Because of the vertical heat-sealed seam in the tube body, the surface shape of the tube is not actually circular, although it should be circular, and therefore the tube cannot be formed using inexpensive techniques such as roll printing. Unable to print.

Furthermore, the head or nozzle portion of such extrusion containers having a body of unitary plastic or laminate construction has heretofore been attached primarily to the tube body by heat sealing.

In order to heat seal, the head and shell must be compatible, and it is necessary to use a thermoplastic material for the head as well as the shell.
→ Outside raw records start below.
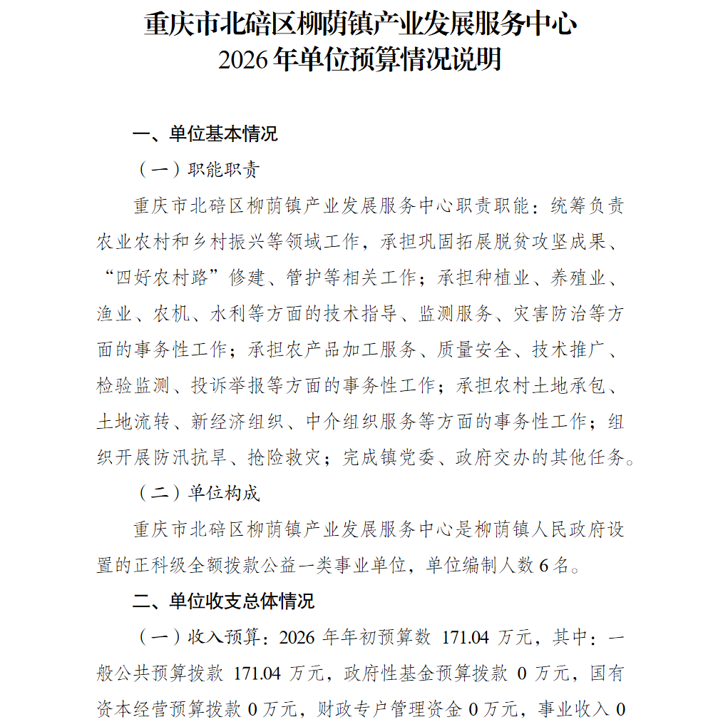 重庆市北碚区柳荫镇产业发展服务中心2026年单位预算情况说明及附表.pdf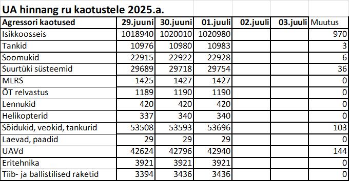 Operatiiv- ja sõjaga seotud info 01. juulil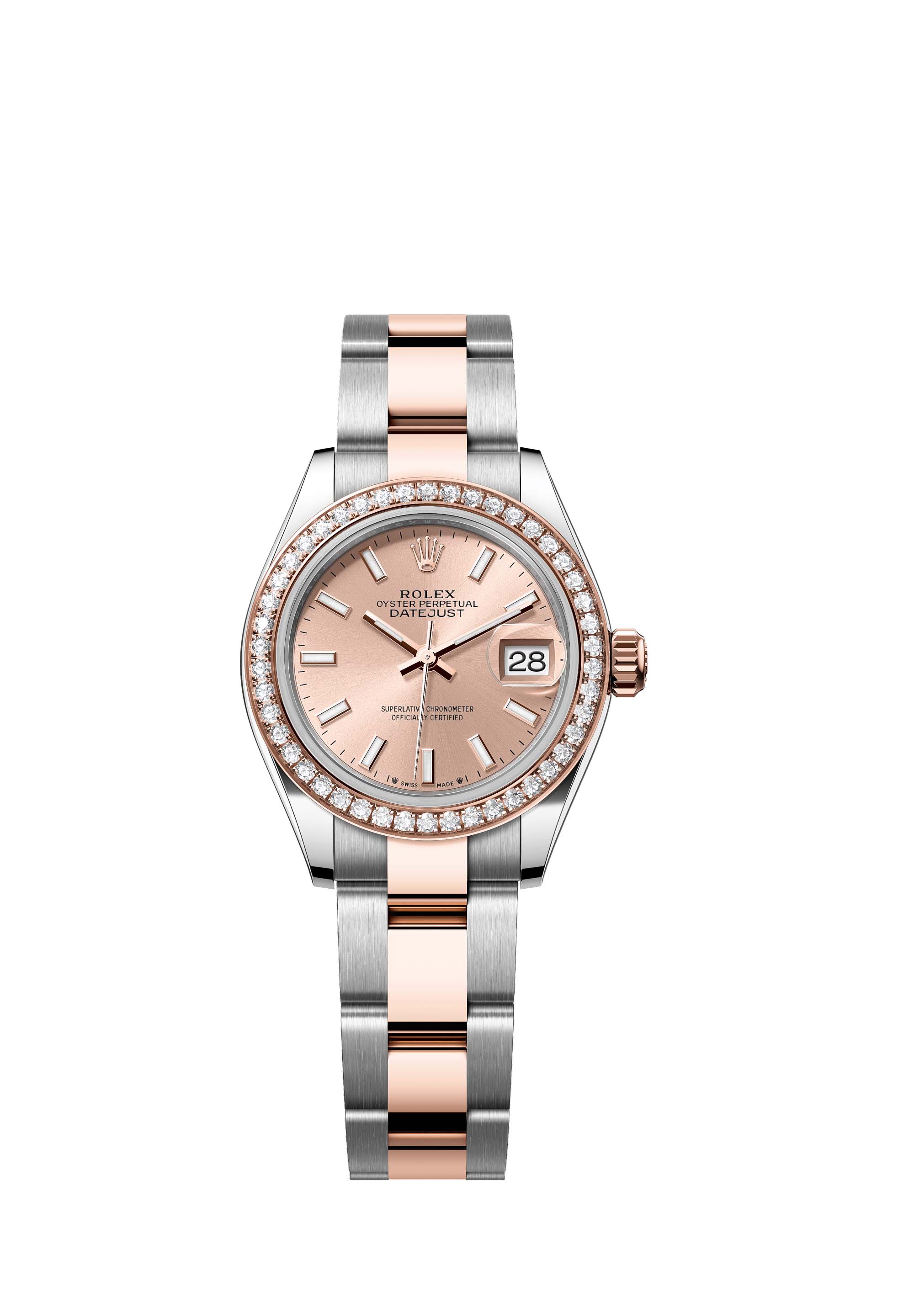 - Case : Oyster, 28 mm, Oystersteel, Everose gold and diamonds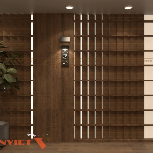 Ngay bên cạnh logo là hai khung chữ Nhật in nổi bật trên nền đỏ, tạo cảm giác vừa truyền thống, vừa hiện đại. Hệ thống đèn chiếu sáng âm tường giúp biển hiệu rực rỡ về đêm nhưng vẫn giữ được sự thanh thoát, không phô trương. Ngoài ra, chi tiết rèm noren trắng riêng tư treo ngay lối vào là dấu ấn đặc trưng của các nhà hàng Nhật Bản.

Therefore, the material selection for the head is also limited, and thus the use of the container is also limited.

Furthermore, as a result of sealing the head member and body member together, the manufacture of such conventional containers is time consuming and expensive.

This means that it takes time to precisely control the heating of the plastic to the melting temperature required for heat sealing, and then considerable time to cool down before the body and head can be removed from the mandrel or jig where assembly takes place. It takes time.
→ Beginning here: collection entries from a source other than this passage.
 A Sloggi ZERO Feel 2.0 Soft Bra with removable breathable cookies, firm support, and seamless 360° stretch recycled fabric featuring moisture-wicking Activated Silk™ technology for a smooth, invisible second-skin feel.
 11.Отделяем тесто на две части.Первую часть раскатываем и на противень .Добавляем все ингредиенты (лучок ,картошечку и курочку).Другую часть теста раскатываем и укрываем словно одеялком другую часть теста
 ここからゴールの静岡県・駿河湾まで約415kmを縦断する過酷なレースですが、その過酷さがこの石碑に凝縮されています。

This limits production rates and requires specific heating, cooling,
This increases the unit price of the container along with the pressurizing device.

This high price of the container prohibits it from gaining acceptance in certain product markets that would be viable markets if the price were lower.
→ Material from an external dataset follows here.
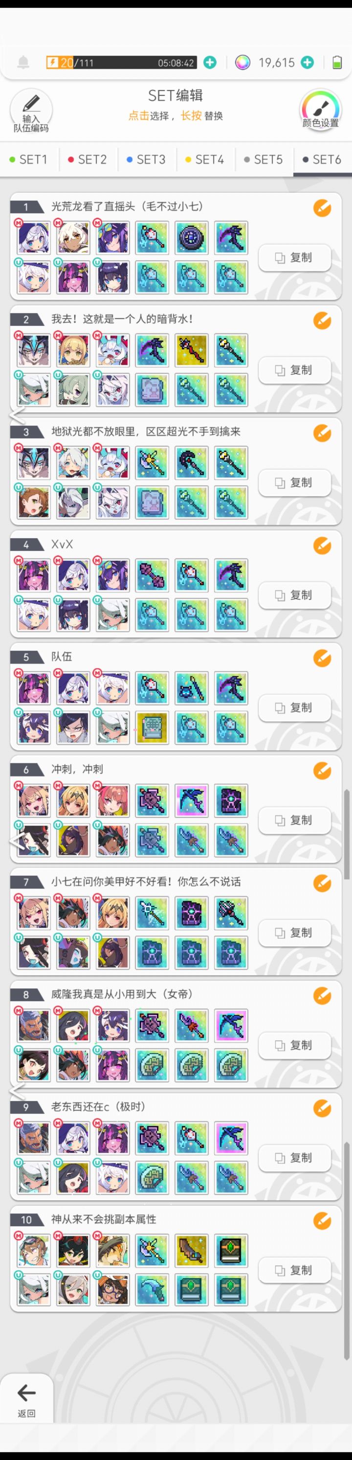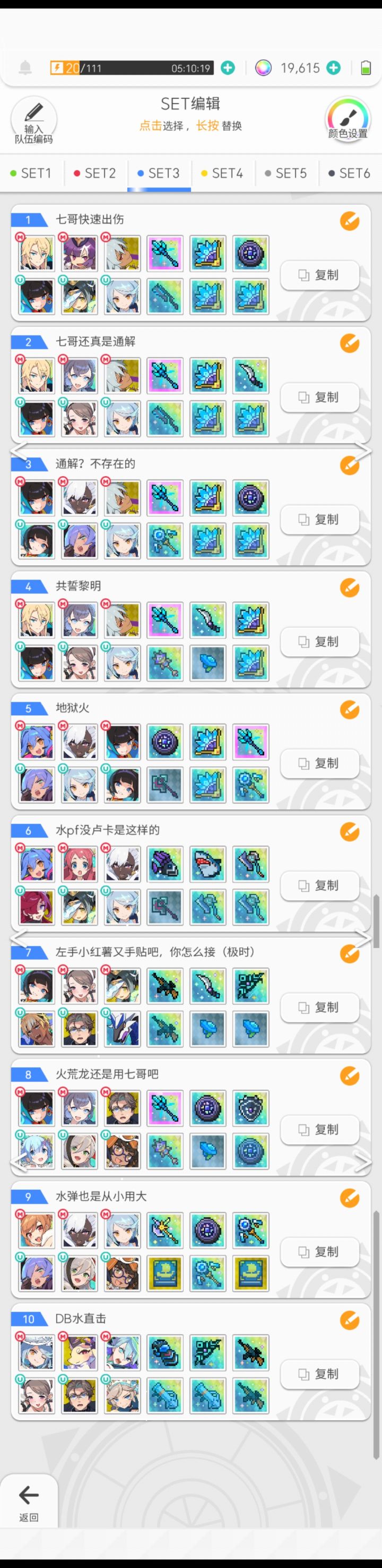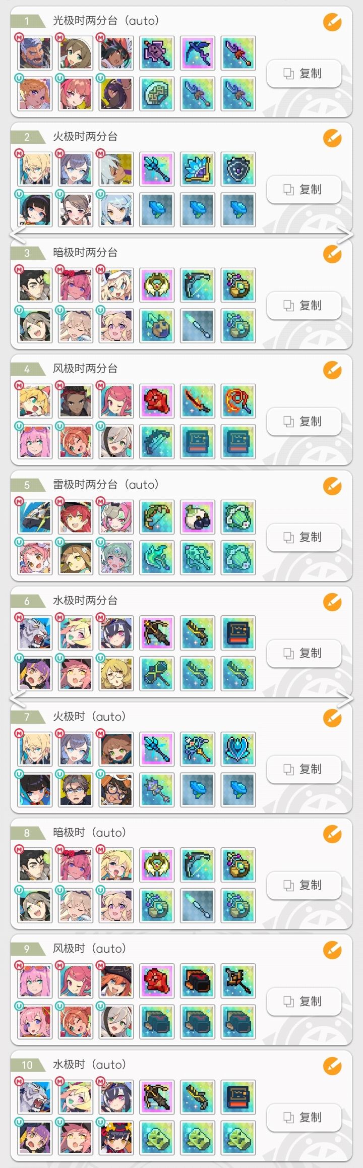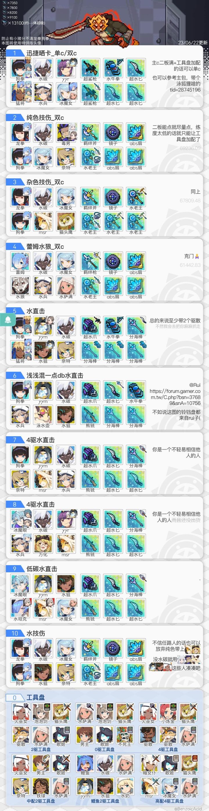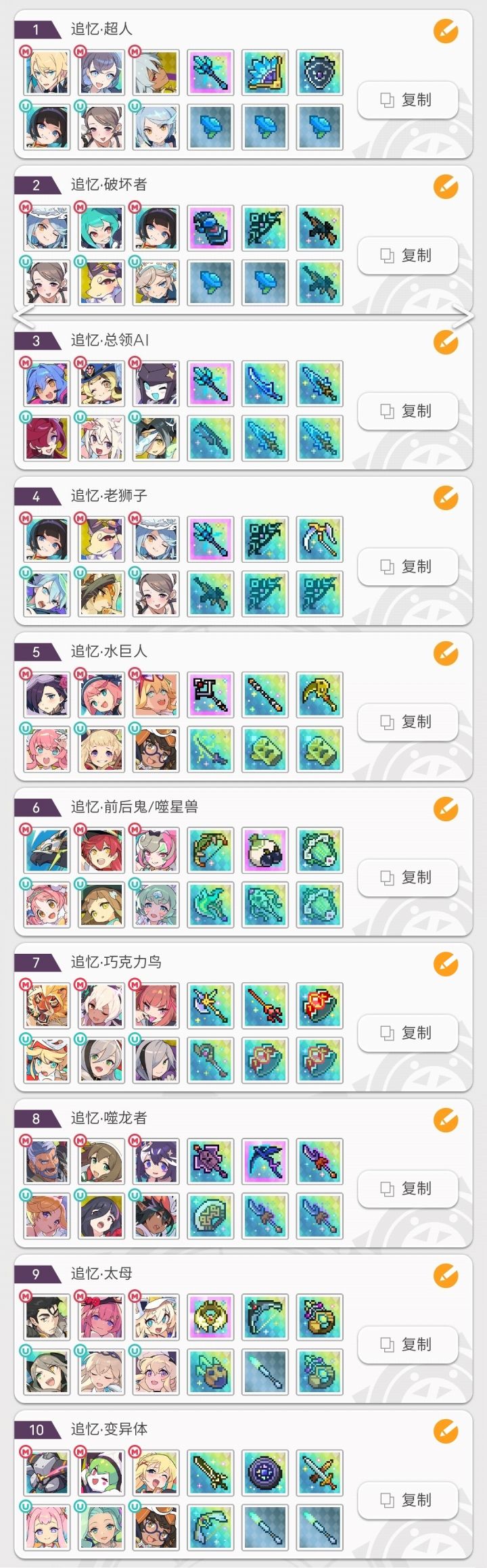 由于缺少部分角色,部分盘有更好的替换#世界弹射物语 更新了一个七哥地狱本通用盘,地狱暗50秒,其它8秒。修改了部分追忆极时本阵容,提升通关速度。

In addition, heat sealing compromises the structural integrity of the body material near the head, resulting in an unsuitable container or a container that is susceptible to rupture during use.

In the past, a wide variety of two-piece assemblies have been devised for mechanical attachment to paper, metal, plastic or laminated tube bodies.

Generally, in such a two-piece assembled head, the axial ends of the tube body are placed between two head members, and the ends are fastened together by the two members.

Although the heat sealing problems described above are avoided when the head is mechanically attached to the barrel, conventional assembled heads that are mechanically coupled have not been commercially acceptable to date.

The reasons for this are that an airtight seal cannot be obtained, that the pressure applied to the joint between the assembly head and body during use of the container causes the assembly head and body to separate, and that the structure and assembly are complicated. This is because productivity is low and manufacturing costs are high.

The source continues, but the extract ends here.